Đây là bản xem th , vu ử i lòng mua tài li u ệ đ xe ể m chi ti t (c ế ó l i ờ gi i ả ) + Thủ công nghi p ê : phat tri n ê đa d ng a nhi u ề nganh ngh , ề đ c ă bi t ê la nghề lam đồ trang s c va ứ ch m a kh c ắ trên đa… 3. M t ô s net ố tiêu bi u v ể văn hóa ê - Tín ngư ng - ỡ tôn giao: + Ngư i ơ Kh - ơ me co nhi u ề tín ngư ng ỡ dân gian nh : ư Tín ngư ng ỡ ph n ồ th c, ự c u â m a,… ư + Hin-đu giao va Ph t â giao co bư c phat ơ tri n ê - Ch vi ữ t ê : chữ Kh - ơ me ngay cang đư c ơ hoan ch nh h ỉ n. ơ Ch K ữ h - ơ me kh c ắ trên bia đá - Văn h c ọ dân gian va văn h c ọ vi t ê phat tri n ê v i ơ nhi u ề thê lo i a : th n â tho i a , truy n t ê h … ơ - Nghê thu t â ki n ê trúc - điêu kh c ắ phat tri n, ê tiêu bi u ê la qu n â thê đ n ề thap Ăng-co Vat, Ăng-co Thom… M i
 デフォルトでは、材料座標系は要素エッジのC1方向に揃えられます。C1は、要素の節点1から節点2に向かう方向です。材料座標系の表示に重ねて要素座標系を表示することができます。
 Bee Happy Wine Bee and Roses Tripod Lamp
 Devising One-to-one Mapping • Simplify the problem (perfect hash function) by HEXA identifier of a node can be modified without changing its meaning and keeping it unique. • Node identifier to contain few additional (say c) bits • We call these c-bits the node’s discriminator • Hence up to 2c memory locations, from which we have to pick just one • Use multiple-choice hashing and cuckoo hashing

---

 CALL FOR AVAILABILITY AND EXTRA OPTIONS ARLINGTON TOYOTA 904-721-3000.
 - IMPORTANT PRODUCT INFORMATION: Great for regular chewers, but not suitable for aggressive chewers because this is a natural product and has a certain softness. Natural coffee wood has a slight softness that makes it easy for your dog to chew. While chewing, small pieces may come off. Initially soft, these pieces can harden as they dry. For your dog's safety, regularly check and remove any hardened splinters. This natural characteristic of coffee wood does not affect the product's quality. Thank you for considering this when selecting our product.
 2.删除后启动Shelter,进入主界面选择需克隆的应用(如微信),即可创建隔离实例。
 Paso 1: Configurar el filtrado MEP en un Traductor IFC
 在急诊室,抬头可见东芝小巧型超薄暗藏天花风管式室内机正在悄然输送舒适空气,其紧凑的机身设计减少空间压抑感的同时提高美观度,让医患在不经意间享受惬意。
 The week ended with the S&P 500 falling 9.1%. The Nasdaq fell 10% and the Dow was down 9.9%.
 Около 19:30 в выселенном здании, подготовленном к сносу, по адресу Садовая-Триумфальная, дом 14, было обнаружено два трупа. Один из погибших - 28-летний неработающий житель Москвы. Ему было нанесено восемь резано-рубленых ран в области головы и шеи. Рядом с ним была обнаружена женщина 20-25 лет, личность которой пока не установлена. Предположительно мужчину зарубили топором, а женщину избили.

--

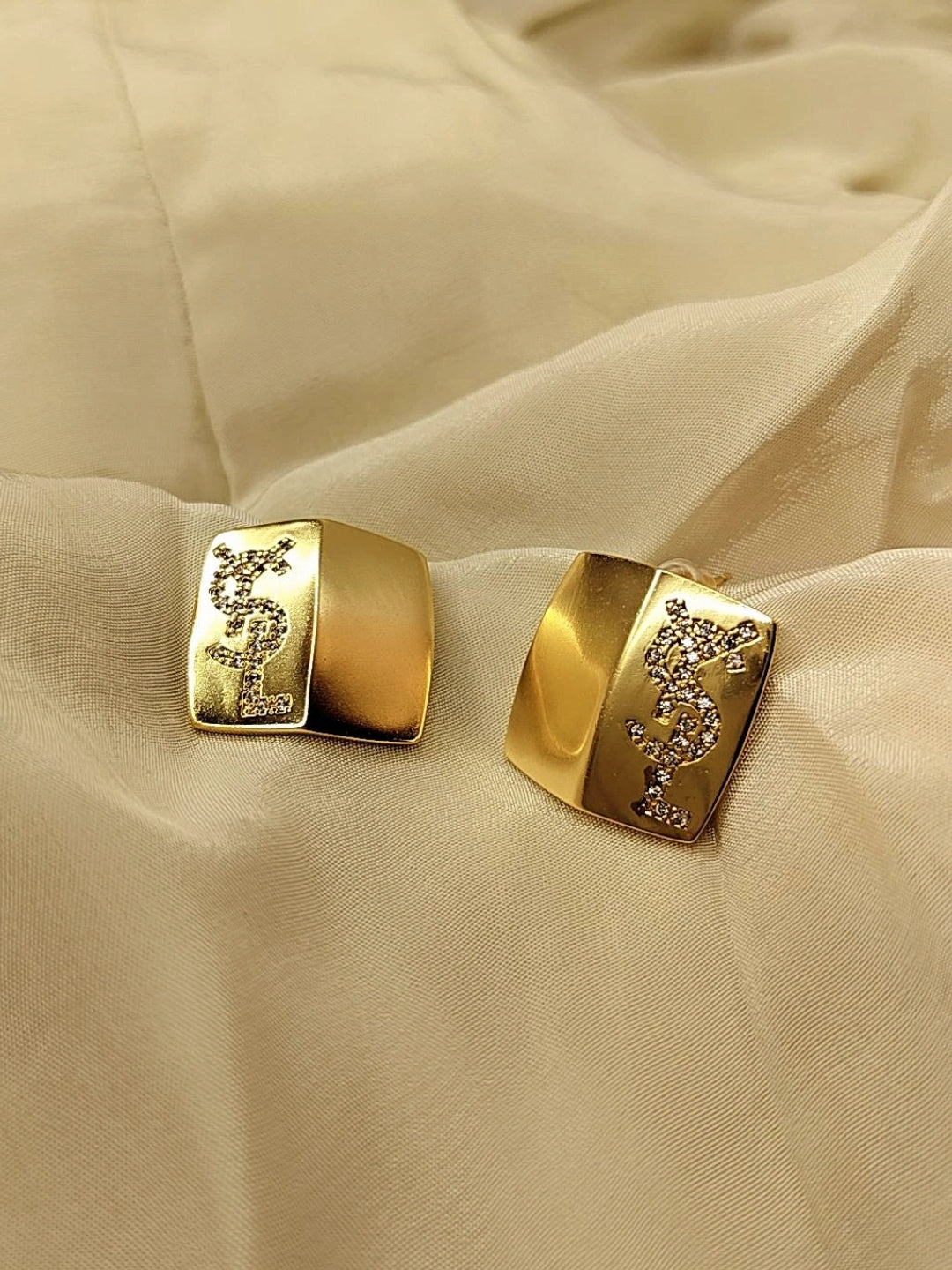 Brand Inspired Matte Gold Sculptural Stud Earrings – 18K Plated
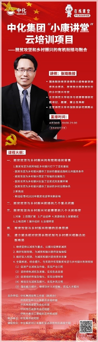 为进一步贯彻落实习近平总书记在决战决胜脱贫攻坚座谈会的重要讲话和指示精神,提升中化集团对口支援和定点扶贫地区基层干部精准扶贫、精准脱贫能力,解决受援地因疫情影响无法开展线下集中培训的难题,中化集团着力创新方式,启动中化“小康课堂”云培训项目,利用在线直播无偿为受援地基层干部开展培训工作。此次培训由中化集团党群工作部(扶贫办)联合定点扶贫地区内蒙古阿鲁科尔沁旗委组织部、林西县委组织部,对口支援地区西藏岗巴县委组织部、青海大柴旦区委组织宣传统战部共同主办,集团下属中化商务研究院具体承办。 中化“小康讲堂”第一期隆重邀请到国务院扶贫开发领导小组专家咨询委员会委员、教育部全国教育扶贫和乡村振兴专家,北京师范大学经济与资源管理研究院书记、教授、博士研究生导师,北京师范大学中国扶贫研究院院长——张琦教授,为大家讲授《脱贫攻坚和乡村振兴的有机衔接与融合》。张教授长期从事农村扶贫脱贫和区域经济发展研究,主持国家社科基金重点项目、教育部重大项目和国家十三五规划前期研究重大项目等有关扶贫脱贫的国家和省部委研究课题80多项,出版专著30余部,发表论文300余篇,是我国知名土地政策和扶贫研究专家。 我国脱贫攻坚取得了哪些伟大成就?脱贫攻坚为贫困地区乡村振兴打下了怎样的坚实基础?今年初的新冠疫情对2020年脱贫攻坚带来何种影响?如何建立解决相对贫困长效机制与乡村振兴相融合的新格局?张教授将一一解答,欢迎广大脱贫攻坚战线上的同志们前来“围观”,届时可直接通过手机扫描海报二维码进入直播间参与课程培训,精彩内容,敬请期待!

→ **Directions for this task**
Show, from the listing above, each line that contains the word "these".

→ **Exercise output**
 Devising One-to-one Mapping • Simplify the problem (perfect hash function) by HEXA identifier of a node can be modified without changing its meaning and keeping it unique. • Node identifier to contain few additional (say c) bits • We call these c-bits the node’s discriminator • Hence up to 2c memory locations, from which we have to pick just one • Use multiple-choice hashing and cuckoo hashing
 - IMPORTANT PRODUCT INFORMATION: Great for regular chewers, but not suitable for aggressive chewers because this is a natural product and has a certain softness. Natural coffee wood has a slight softness that makes it easy for your dog to chew. While chewing, small pieces may come off. Initially soft, these pieces can harden as they dry. For your dog's safety, regularly check and remove any hardened splinters. This natural characteristic of coffee wood does not affect the product's quality. Thank you for considering this when selecting our product.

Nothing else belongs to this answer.